La bibliothèque libre.
George E. Desbarats, éditeur (p. 66-67).


TROIS CANADIENS-FRANÇAIS.

Appel aux Canadiens-Français qui émigrent
aux États-Unis.

« L’ouvrage manque, la misère
«  S’appesantit sur nos hameaux,
«  Et le printemps, pour nous sévère,[1]
«  N’apporte que malheurs nouveaux ! »
— Ainsi parlaient trois fils de France,
Trois Canadiens au cœur vaillant.
« Quittons ces lieux, car l’espérance
Nous fuit : il faut au moins mourrir en travaillant ! »

Ah ! ne franchis pas la frontière,
Ne va pas en lointain pays,
Bon Canadien, c’est la prière
De ta mère éplorée et de tes vrais amis !
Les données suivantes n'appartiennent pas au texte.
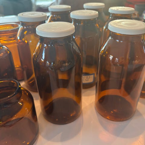 Synlige bruksmerker fra meieriet på den ene flasken.

C’était le plus vieux de la bande
Qui tenait ce sombre discours.
« Frère, dit le second, demande
« Aux Anciens ce que, dans ces tours
«  Au loin, la bourse et le cœur gagnent ?…
«  Quitter nos mères, nos foyers,

« Nos sœurs !… Que de maux accompagnent
« Le départ des soldats et des aventuriers ! »

Ah ! ne franchis pas la frontière,
Etc., etc., etc.

« Être soldat de ma patrie,
« C’est bien ! » répliqua le dernier,
« À l’étranger vendre ma vie !
« Jamais, fallût-il mendier !
« Frères, votre cœur jeune encore
« A connu la voix de l’amour,
« C’est cette voix qui vous implore,
« Restons, et le bonheur aura bientôt son tour. »

Ah ! ne franchis pas la frontière,
Etc., etc., etc.

Fidèles au vœu de leurs mères
Et fidèles à leur pays,
À leurs blondes, à leurs chaumières,
Ici vivent nos trois amis.
Le dimanche, après la grand’messe,
Le bon cure leur dit parfois :
« Vous êtes heureux ?… Ô jeunesse,
« Bonheur à qui du ciel fait entendre la voix ! »

Ah ! ne franchis pas la frontière,
Ne va pas en lointain pays,
Bon Canadien, c’est la prière
De ta mère éplorée et de tes vrais amis !


  1. Les inondations qui ont eu lieu au printemps de 1865.